Шрифт:
Интервал:
Закладка:
- Что это Вы пели в храме? - спрашиваю.
А Вы смутились и молчите. Я настаиваю. Тогда Вы и говорите - тихонько:
- Это моя песенка. Мне бабушка ее завещала. Тирольская песенка… мирская.
- Разве можно мирскую - в храме?
- А нельзя?
Тут уж я смутился. Стою столбом, а Вы мне:
- Догоняйте! - и бежать…
И я догонял Вас - я Вас пять лет потом догонял… и догнал, и обнял, помните?
И все просил песенку мне эту тирольскую… мирскую спеть. И Вы пели - просто, как дети поют, каждый раз - безотказно, дол зеленый, йо-хо!
Только песенка и была в Вас, Кло… Она главным в Вас была: а всего-то слов двадцать, остальное - повторы да припев тирольский, ничего больше. Но душа ваша, Кло, - та самая песенка про дол зеленый, как же Вы могли забыть об этом, как могли разрешить себе забыть… даже став Тенью Кло, но не буду, не буду про тени! Пока не буду, рано пока… Так, что еще?
Вы называли меня "магистр", "магистр" Себастьян, а я тогда не был еще магистром - школяром был, студентом в Гейдельберге. Я изучал теологию, а Вы стали моей женой. И я забросил теологию. Я ничего не делал - только любил, видит Бог. Только ходил за Вами, только смотрел на Вас… Лет шесть или семь я не читал, не упражнялся в вере и молитве, я не ходил в храм, потому что Вы стали божеством моим, милая, милая Кло!.. И подумать только, как беззаботно, как весело жили мы! Взгляните на птиц небесных, они не сеют и не собирают в житницы…
Бог свидетель, я опомнился не слишком поздно. Ради Вас, Кло, должно было мне становиться кем-то: шутливое прозвище "магистр" уже чуть ли не обижало меня. И я принялся читать, принялся писать - ежедневно, без остановки, до глубокой ночи. Я стал наконец магистром, Кло!

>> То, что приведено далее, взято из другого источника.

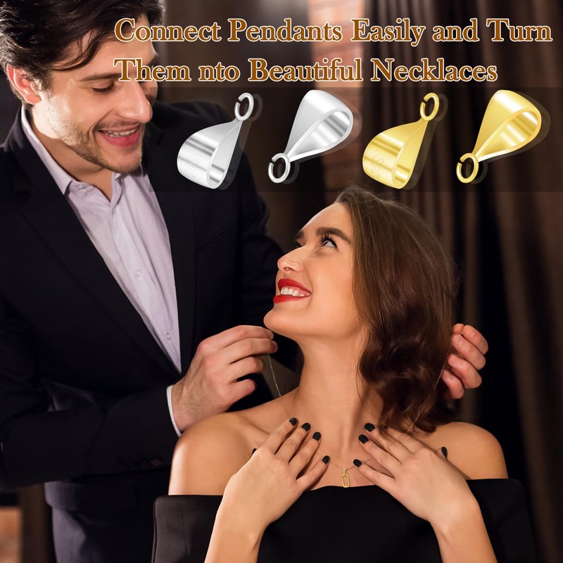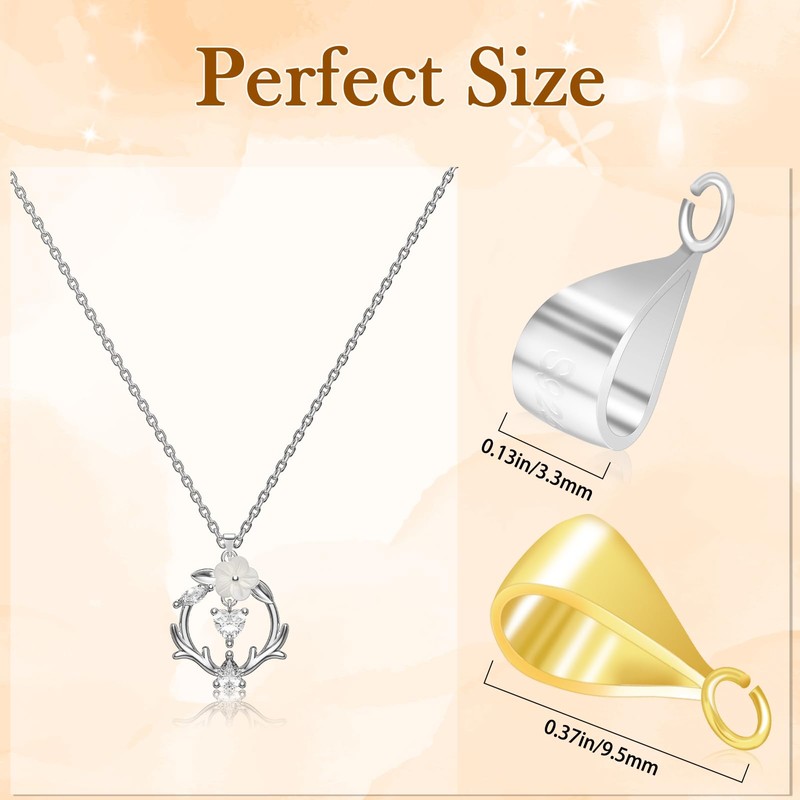 - 【Perfect Sizes】Pendant bail clasp size:4.5 x 11mm / 0.18 x 0.43in with 3.0mm / 0.12in opened loop. The top loop of jewelry bail is wide enough to slide through metal chain, waxed cords, strings, ropes, and easy to fix to the pendant. We have two colors available: silver and gold. Natural colors can complement your jewelry perfectly, adding charm to your jewelry.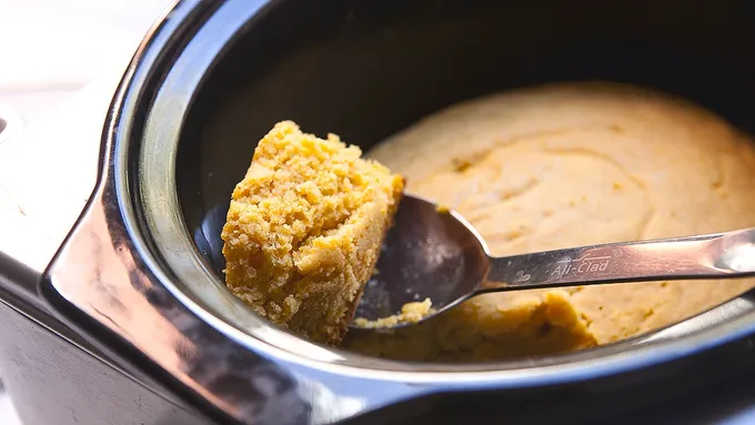 Step5Remove cornbread from oven and cool 5 minutes in pan before removing and placing on a cooling rack. Cool completely before slicing.

Но Вас не было уже со мной, то есть нет… физически Вы были еще, мы жили вместе - все в том же маленьком домике моего отца… только в сердце своем Вы давно оставили меня. На Вас смотрело слишком много глаз - я посмеивался над Вами, я постоянно шутил по поводу этих глаз, когда нельзя уже было шутить: слишком многие любили Вас и слишком многим тогда Вы платили любовью. А однажды после лекции, после публичной моей лекции, Вы отправились в дом Вебера, из дома Вебера - в другой дом, потом - в третий… О Боже, праведный Боже, что Вы сделали с жизнью своей, бедная, бедная моя Кло!..
Станислав Леопольдович, не стесняясь, вытирал слезы - широкими, грубыми жестами, а слезы текли и текли, текли и текли. Эмма Ивановна не плакала. Ясными сухими глазами смотрела она на безумца, на этого сумасшедшего, сбежавшего из клиники, который метался по комнате и душу ей наизнанку выворачивал воспоминаниями о жизни не бывшей, не бывшей, не имевшей возможности быть! Но щемило в груди и понятно было: ушло что-то безвозвратно, давно ушло, а куда - неизвестно… И буйствовал голос - совсем глухой теперь, страшный. Гость закрыл лицо руками и сидел так.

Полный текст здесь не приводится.